SDDP Solver — Stochastic Dual Dynamic Programming in gtopt
1. Introduction
The SDDP solver in gtopt implements a Nested Benders Decomposition (NBD) algorithm — also known as Stochastic Dual Dynamic Programming (SDDP) — to decompose the multi-phase power system planning problem into smaller, per-phase LP subproblems. This enables the solver to handle long-horizon problems (many phases/stages) that would be computationally expensive or memory-intensive to solve monolithically.

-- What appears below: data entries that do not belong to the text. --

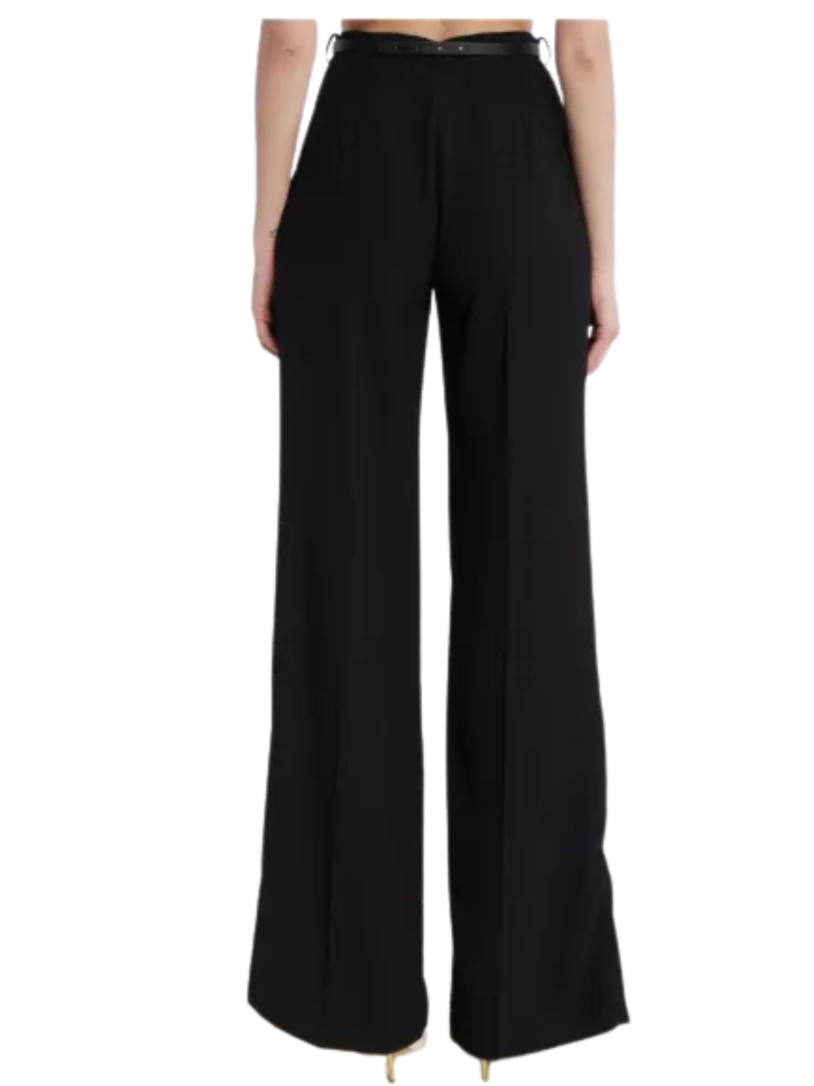 Pantaloni neri Elisabetta Franchi dalla vestibilità loose fit, caratterizzati da linea fluida e contemporanea. Composizione: 100% poliestere.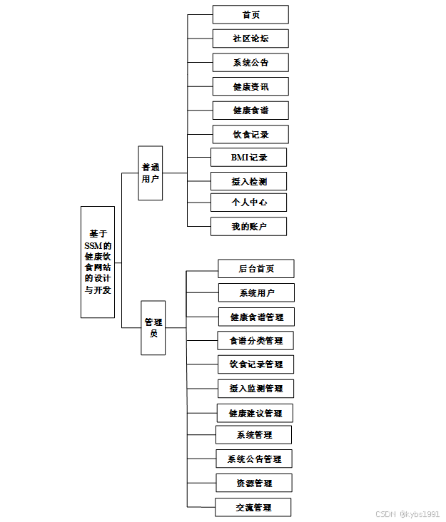 健康饮食网站划分为了普通用户模块和管理员模块这两大部分。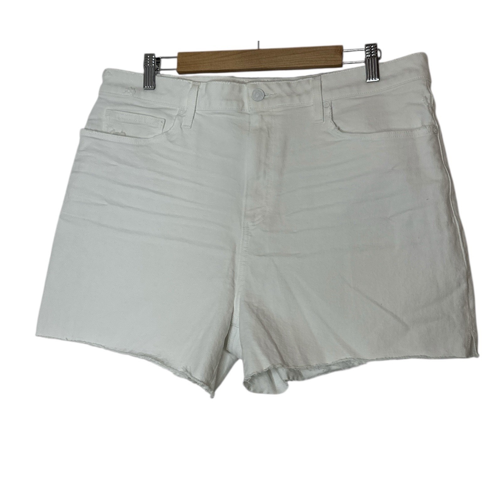 The Paige Dani Shorts in women's size 33 feature a high waist and distressed light blonde denim fabric, giving them a trendy and beachy look. With a solid pattern, regular fit, and 4-inch inseam, these designer shorts are perfect for vacation, resort wear, or a classic summer style. Made by Paige, a trusted brand in denim, these shorts are a stylish and flattering addition to any woman's wardrobe.
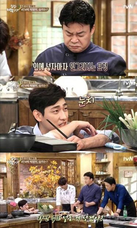 맛 평가 시간에 백종원은 윤박의 떡볶이를 입에 넣은 직후 곧바로 표정이 일그러져 웃음을 자아냈다. 백종원은 "이 떡볶이를 먹으니까 내 입맛을 잃을 것 같다. 어느 요리 프로그램이든 하다 하다 안 되면 라면수프를 넣지 않냐. 라면수프를 넣어야겠다"고 말해 윤박을 당황케 했다.

The SDDP solver is an alternative to the default monolithic solver, which assembles and solves the entire LP in one shot. Both solvers produce equivalent optimal solutions; the SDDP solver trades a single large LP for multiple smaller LP solves connected by Benders optimality cuts.
When to use SDDP
| Criterion | Monolithic | SDDP |
|---|---|---|
| Number of phases | 1–3 | ≥ 2 (designed for 5+) |
| Memory footprint | Large (full LP in memory) | Smaller (per-phase LPs) |
| State variables | Not required | Reservoir volumes, battery SoC, capacity expansion |
| Convergence guarantee | Exact (single solve) | Iterative convergence (exact at optimality) |
| Parallelism | Phases solved sequentially within one LP | Scenes solved in parallel |
2. Theoretical Background
2.1 Benders Decomposition
Benders decomposition [1] is a divide-and-conquer technique for structured linear programs. Consider a two-stage LP:
$$ \min_{x, y} \quad c^T x + d^T y \quad \text{s.t.} \quad Ax + By \ge b, \; x \ge 0, \; y \in Y $$
The key insight is that for fixed first-stage decisions $\bar{y}$, the residual (second-stage) problem in $x$ can be solved independently:
$$ \min_x \; c^T x \quad \text{s.t.} \quad Ax \ge b - B\bar{y}, \; x \ge 0 $$
The dual of this residual provides sensitivity information (dual variables / reduced costs) that quantifies how changes in $\bar{y}$ affect the second-stage cost. This information is encoded as a Benders optimality cut:
$$ \alpha \ge z^*_2 + \pi^T (y - \bar{y}) $$
where $z^*_2$ is the second-stage objective value, $\pi$ are the reduced costs of the linking (state) variables, and $\alpha$ is an auxiliary variable representing the second-stage cost approximation.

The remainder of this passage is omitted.